El legado de Michael Crichton

El 6 de noviembre del 2009, murió Michael Crichton. El más importante autor de ciencia-ficción (en su modalidad del technothriller) de los últimos veinticinco años. Nadie como él, dotó a la literatura estadounidense y universal de una característica que muchas veces se descuida en nombre de consideraciones esteticistas, teóricas o de exploración intelectual (por lo demás, válidas en sí mismas): la aventura.
Leer las obras de Crichton es sumergirse en un mundo cuya esencia tiene un nombre y sólo un nombre: dinamismo. El vértigo de una narrativa que va siempre hacia delante; no se detiene, avanza, impeliendo los acontecimientos de ficción hacia una autopista literaria en la que el texto y el receptor no pueden sino ir adquiriendo velocidad a medida que se deslizan por ella.
Michael Crichton nos obligó a ser pilotos de pruebas de un Fórmula Uno narrativo. Nos trepábamos a la máquina y ya nada ni nadie la podía detener. No quedaba más que gozar del ímpetu de la carrera y enseñar nuestras mejores habilidades al frente del bólido literario que teníamos en nuestras manos.

Michael Crichton, un lustro antes de su muerte.

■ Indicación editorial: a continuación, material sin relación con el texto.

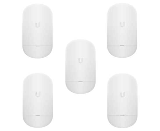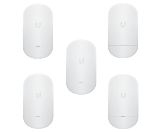 Комплект из 5 компактных абонентских устройств airMAX NanoStation 5AC Loco в диапазоне 5 ГГц, полностью готовых для развёртывания клиентской сети провайдера Интернета и передачи данных на скорости более 450 Мбит/с на расстояния до 10 км и более.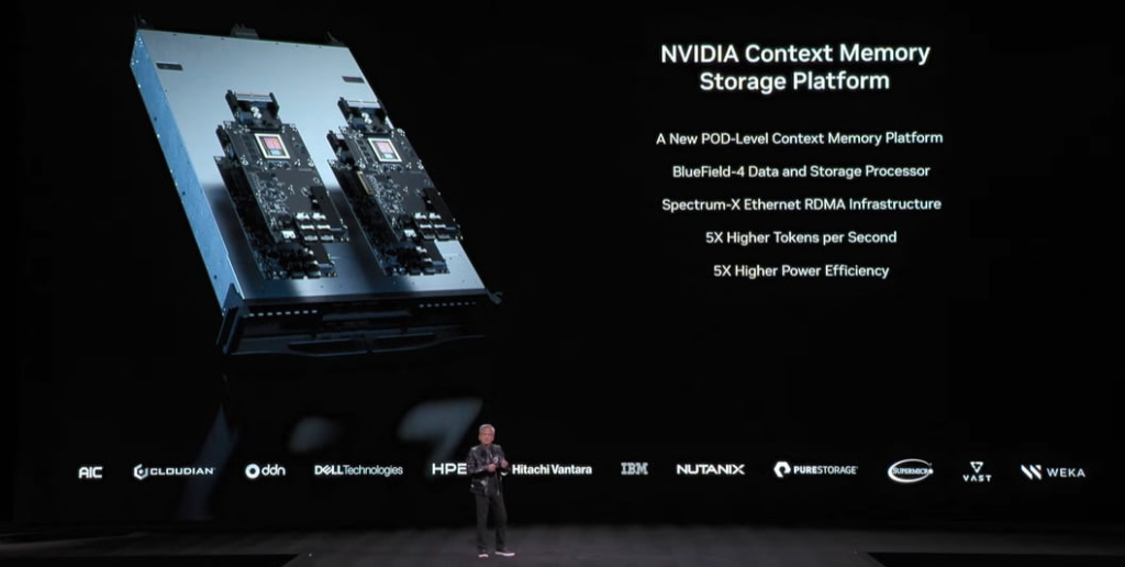 今日之星:黑色机架式 NVIDIA ICMS(推理上下文内存存储)。图片来源:NVIDIA

Dechado de virtudes novelísticas, su mayor cualidad fue la seriedad investigadora con la que construyó sus historias. Plenas de información fehaciente, su innegable didactismo vertebró las tramas de manera tan virtuosa que su posible afección terminaba siempre por ser provechosa y bienvenida en sus narraciones: sin el elemento de verosimilitud anclado en el mundo real, sus libros no hubieran sido tan buenos y acaso no hubieran sido posibles.
La magna aventura de nuestra era científica, abigarrada de posibilidades tecnológicas, quedó ligada para siempre a los libros del oriundo de Chicago. De The Andromeda Strain a Next, pasando por Raising Sun, Sphere, Airframe, Disclosure, Timeline y State of Fear, entre muchos otros.
Sin duda su obra maestra fue Jurassic Park (New York, Ballantine Books, 1990). En ella, el lector queda atenazado por todas partes. No puede dejar inconclusa una trama de trepidante suspense.
La decantación de información científica de Jurassic Park  —en particular sobre ingeniería genética—, con el buen manejo del atractivo plástico de una de las ramas matemáticas más inquietantes del último cuarto de siglo, la Teoría del Caos, da carne y sangre al cuerpo del texto de  ficción.
En la novela, la asombrosa facticidad de lo improbable revela la futilidad del paso de nuestra especie por el planeta.  La resucitación de seres extintos, acabados por la razón que sea pero que escapó a nuestra voluntad, e incluso a nuestra capacidad para buscar y obtener respuestas escudriñando y descifrando con nuestro poderoso aparato teórico todo lo que nos resulta enigmático, desnuda nuestra grandilocuencia.
El Parque jurásico, esa isla high-tech en la que su dueño, John Hammond, soñó que la filosa tecnología de nuestra época podía controlar a un conjunto de seres de otro tiempo, un tiempo sin humanos, se convierte en el amargo reflejo de una realidad largamente ignorada.
Ni las cercas electrificadas, las escopetas con balas expansivas o las zanjas de cinco metros; ni el absoluto control lógico de los sistemas cibernéticos que automatizan por completo al parque, puede detener lo inevitable: el imperio del caos. Porque los sistemas biológicos no se someten a nuestras necesidades racionales; se abren paso siguiendo una lógica compleja y paradójica en la que la estabilidad está ligada a lo aleatorio.
Ciertamente puede describirse en ella un orden, que incluso es posible interpretar matemáticamente. Pero esta interpretación, como ocurriera a los teólogos medievales cuando descubrieron que a Dios apenas se le podía nombrar para decir algo significativo acerca de él, sólo muestra que al pie de nuestro balbuceo teórico se encuentra un infinito abismo (biológico, cósmico y temporal) al que sólo podemos admirar y temer.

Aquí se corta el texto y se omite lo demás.